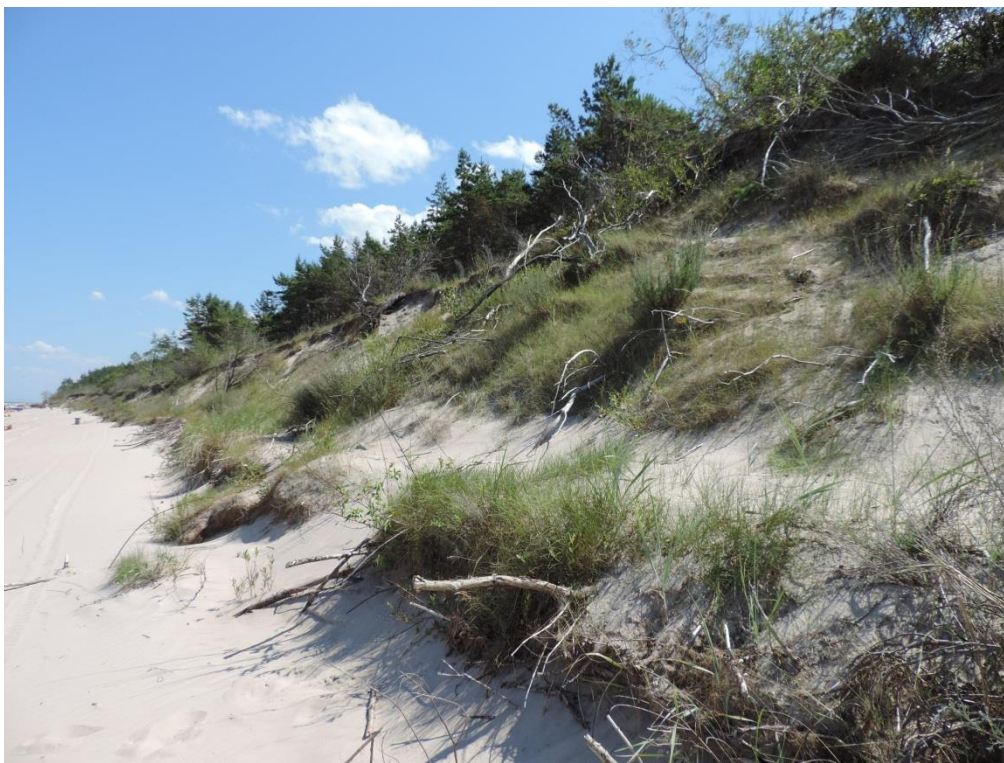
Fot. 8. Podcięty abrazyjnie wał wydymowy na wschód od Ustronia Morskiego

Wzdłuż wybrzeża Bałtyku w gminie Ustronie Morskie dominują gleby gliniaste i piaszczyste podcinane działaniem erozyjnym morza w formę niskich klifów. Odcinki w rejonie Ustronia Morskiego są silnie przekształcone z powodu zabudowy hydrotechnicznej i tu nie występują zbiorowiska inne od antropogenicznych nasadzeń zarośli ponad skarpami z gwiazdobloków.
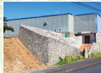
奄美市宇宿貝塚史跡公園
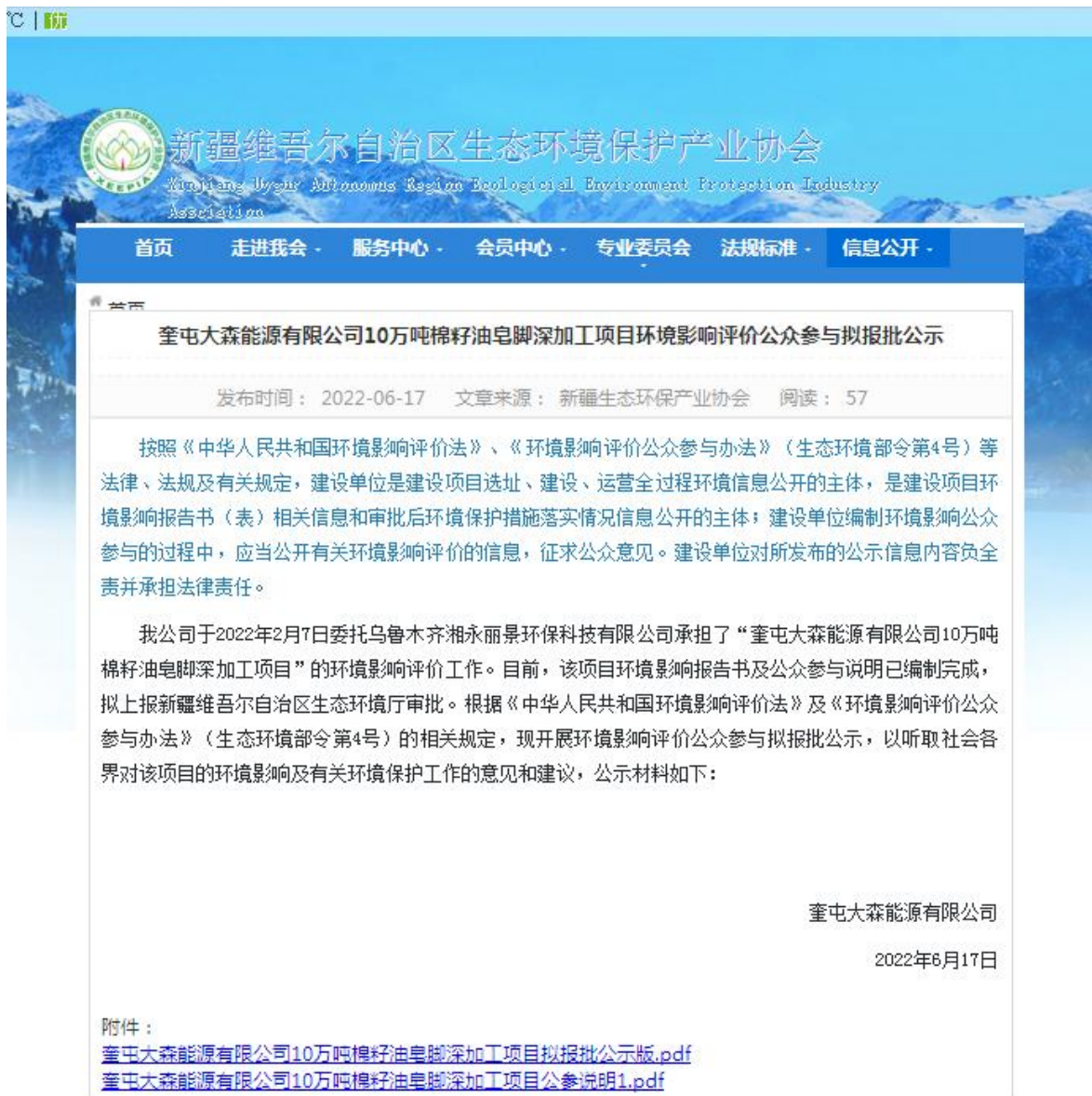
图 5-1 拟报批公示截图
------------------------------------------------------------
Say how many lines in the listing above hold "Morskiego". Give the number only.

Solution to the problem: 2